Clashes as IDF maps for demolition home of Palestinian who killed soldier

Army says rioters in al-Am’ari refugee camp attack security forces operating at family residence of Yousef Abu Hamid, who killed Ronen Lubarsky by dropping marble slab on his head

Security forces map for demolition the home of Palestinian who killed an IDF soldier, seen here in the al-Am’ari refugee camp in the West Bank, October 2, 2018. (Israel Defense Forces)
Security forces map for demolition the home of Palestinian who killed an IDF soldier, seen here in the al-Am’ari refugee camp in the West Bank, October 2, 2018. (Israel Defense Forces)

Palestinian protesters clashed violently with security forces overnight Tuesday as the army surveyed the family home of a Palestinian who killed an IDF soldier, ahead of its demolition.

Israel Defense Forces units arrived in the al-Am’ari refugee camp near Ramallah to map the home of Islam Yousef Abu Hamid, who killed Ronen Lubarsky in May by dropping a marble slab on his head from a rooftop.

Rioters hurled stones and Molotov cocktails at security forces who responded with riot dispersal methods, the IDF said in a statement.

There were no reports of injuries.

The army added that in other operations across the West Bank seven people were arrested on suspicion of involvement in terror and popular terror activities against civilians and security forces.

Two weeks ago Hamid’s family was informed that the IDF intends to destroy all four stories of the building, and not just two floors as had previously been stated.

Ronen Lubarsky, an IDF soldier from the Duvdevan unit who died on May 26, 2018 after being critically injured by a slab thrown on his head two days earlier (Courtesy)

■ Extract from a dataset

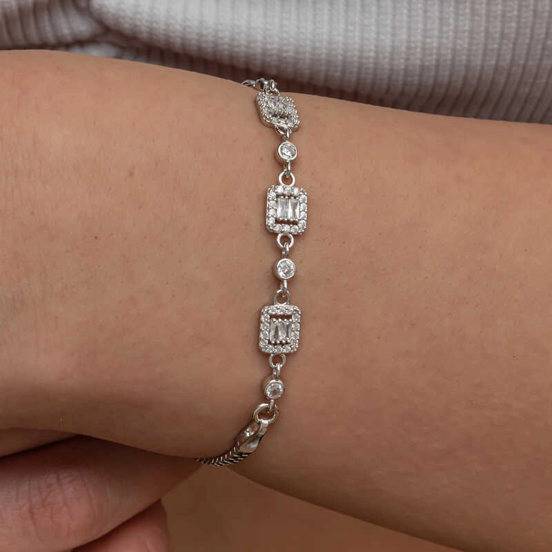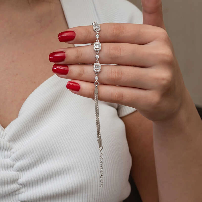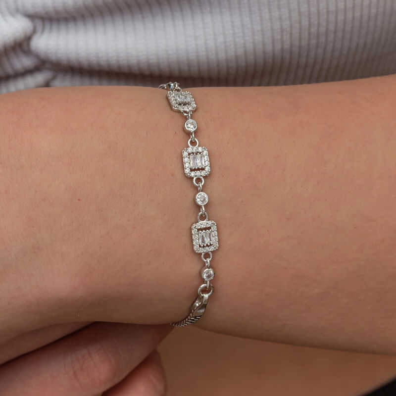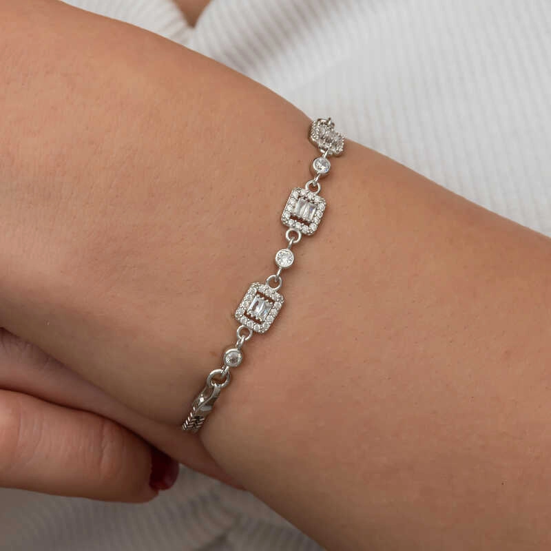 Üçlü baget taşlı kadın bileklik, şıklığı ve zarafeti bir araya getiren bir aksesuar türüdür.Bu bileklik, hem günlük kullanımda hem de özel günlerde rahatlıkla tercih edilebilecek bir aksesuardır. Farklı stillerle kombinlenebilir ve birçok kıyafetle uyum sağlar. Gümüş üzerine rodyum kaplama yapılmıştır. Rodyum kaplama yapılan zirkon taşlı kare kadın bileklik modelleri parlaklığını uzun süre muhafaza eder. Gümüş ve değerli taşlar nedeniyle belirtilen ortalama ürün ağırlığında ± %10 sapma olabilmektedir.

The IDF noted that the home was erected on a plot where a building was previously demolished in the 1990’s following an attack by Hamid’s brother. At the time, the family was ordered not to rebuild the structure.

A military court filed an indictment in May against Hamid, 32, charging him with murder.

According to court papers, on the night of the incident when Lubarsky was injured, Hamid woke up to the sounds of dogs barking and soldiers shouting as they arrested two of his neighbors in an adjacent house.

Hamid climbed to the roof of a neighboring home where he chose the heavier of two marble slabs that were waiting there for him. He lifted the 40-pound slab onto the railing of the roof and hurled it down onto Lubarsky, who was standing below.

The suspect then immediately climbed back onto the roof of his home and crawled inside as soldiers tended to their injured comrade.

Lubarsky, from the central city of Rehovot, was critically injured and died of his wounds two days later.

Security forces arrive in the al-Am’ari refugee camp in the West Bank to map for demolition the home of Palestinian who killed an IDF soldier, October 2, 2018. (IDF Spokesperson)

Hamid was also charged with obstruction of justice for efforts to tamper with the crime scene hours after the incident.

According to the indictment, Hamid snuck back to the adjacent rooftop and used cleaning materials to wipe his fingerprints off of the second marble slab that he had grasped earlier, but decided against using.

The IDF said that the soldiers had been on a mission to arrest members of a terror cell who had been carrying out shooting attacks. The raid was based on intelligence information obtained in coordination with the Shin Bet security agency.

A few days after Lubarsky was killed, the military carried out a raid in al-Am’ari, in an apparent effort to locate the soldier’s killer. Clashes broke out between residents and the Israeli troops, with 13 Palestinians lightly or moderately injured, the Palestinian Health Ministry said at the time. Hamid was arrested in the raid.

According to the Shin Bet, Hamid had been incarcerated in Israeli prison from 2004 to 2009 for terrorist activities committed on behalf of the Hamas terrorist group.

In a statement, the security service also said Hamid’s brothers were also members of Hamas.

Israel says the practice of demolishing terrorists’ homes is an effective means of discouraging future attacks, though it has been criticized by human rights groups as a form of collective punishment and by some analysts as an ineffective deterrent measure.